IOT 2 – First examples and proofs July 26, 2011
Posted by mwidlake in development, performance.Tags: design, index organized tables, IOT, performance, system development
trackback
<.. IOT1 – Basics
..>IOT3 – Great reductions in IO for IOTs
….>IOT4 – Boosting Buffer Cache Efficiency
……>IOT5 – Primary Key issues
……….>IOT6a – Slowing Down Insert
…………>IOT6(B) – OLTP Inserts
In my first post on IOTs I ran through the basics of what they are. Here I am going to create some test tables and show you a few things.
I am going to create a simple PARENT table with 9,999 records and then two CHILD tables. CHILD_HEAP, a normal table, and CHILD_IOT, an Index Organized Table. They have the same columns and will hold very similar data.
All of this is on Oracle 11.1 but is exactly the same on 10.2. 8K block size, tablespaces are auto segment space managed.
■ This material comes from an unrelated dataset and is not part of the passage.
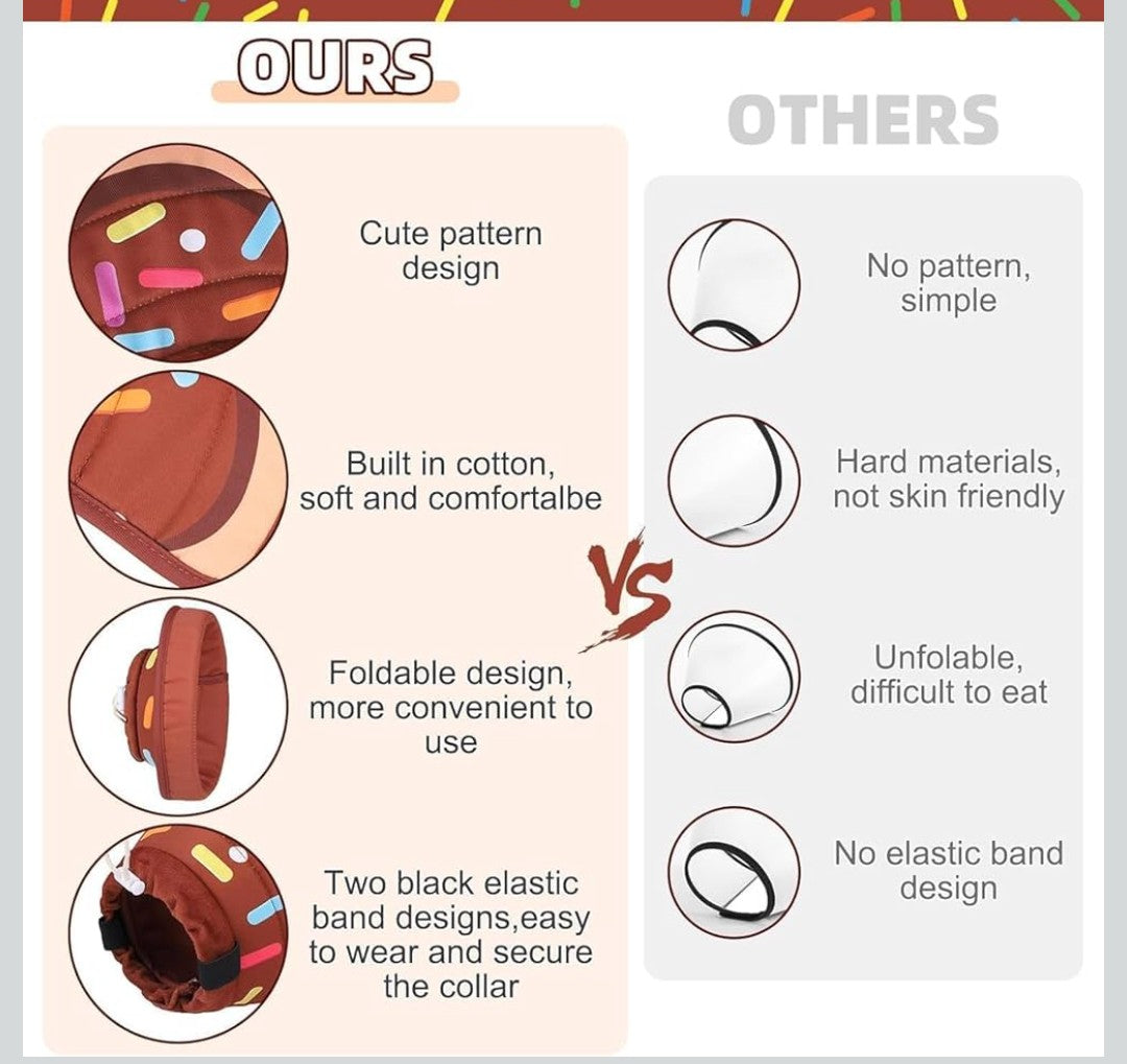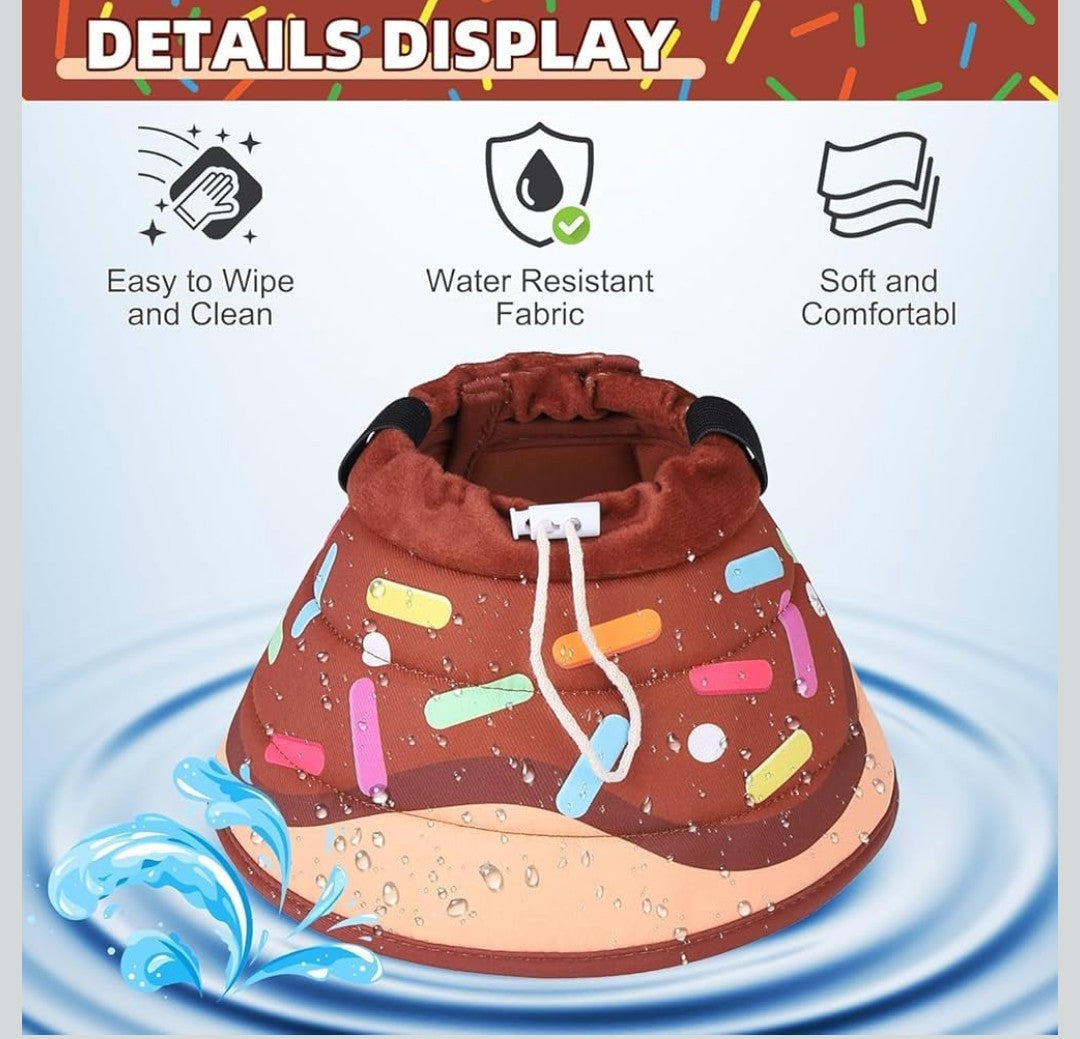 WATER RESISTAND & COMFORTABLE: Our recovery collars are made of waterproof fabric, which is lightweight and easy to clean. Simply use mild soap to clean and dry. Dust and water droplets on the surface can also be removed by wiping. Built-in sponge filling, soft and comfortable. Don't worry about our collar hurting your pet.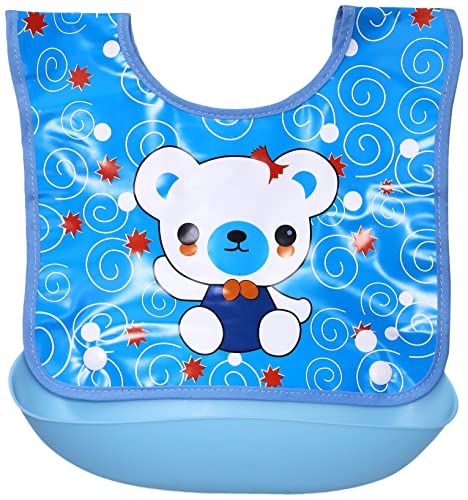 Mix&Max - مريلة اطفال برسمة دب من السيليكون للاولاد من ميكس اند ماكس - لون ازرق

Here are the creation statements:
--first create the parent table, keyed by ID. -- The other columns are not significant, they just represent "information" create table mdw.parent (id number(10) not null ,name varchar2(100) not null ,date_1 date not null ,num_1 number(2) ,num_2 number(2) ,constraint pare_pk primary key(id) using index tablespace index_01 ) tablespace data_01 / -- --Now put my 9999 parents into the table. insert into parent select rownum ,dbms_random.string('U',mod(rownum,10)+50) ,sysdate-(mod(rownum,500)+1000) ,mod(rownum,99)+1 ,trunc(dbms_random.value(0,100)) from dual connect by level < 10000 / -- -- create the table to hold the children as a heap table create table child_heap (pare_id number(10) not null ,cre_date date not null ,vc_1 varchar2(100) not null ,date_1 date ,num_1 number(2) ,num_2 number(2) ,constraint chhe_pk primary key(pare_id,cre_date) using index tablespace index_01 ) tablespace data_01 / -- -- create the table to hold the children as an IOT table create table child_iot (pare_id number(10) not null ,cre_date date not null ,vc_1 varchar2(100) not null ,date_1 date ,num_1 number(2) ,num_2 number(2) ,constraint chio_pk primary key(pare_id,cre_date) -- using index tablespace index_01 -- CANNOT STATE for IOT. State in table definition ) ORGANIZATION INDEX -- This is it. This makes the table an IOT tablespace data_01 /
There are only two differences between the statements creating the CHILD_HEAP and the CHILD_IOT tables.
The main one is the inclusion of the line ORGANIZATION INDEX and is what instructs Oracle to create the table as an IOT. Note that it does not state the index and you cannot state the index. The IOT is created based on the Primary Key.
The other change is that you now cannot state the tablespace for the Primary Key index. I’ve not played with this at all but I don’t think you can state anything with the “using index” as the table storage clauses are used for the Primary Key index. I personally find this a little illogical as it is the index segment that is created, but I guess others would find it more natural that you still state this at the table level.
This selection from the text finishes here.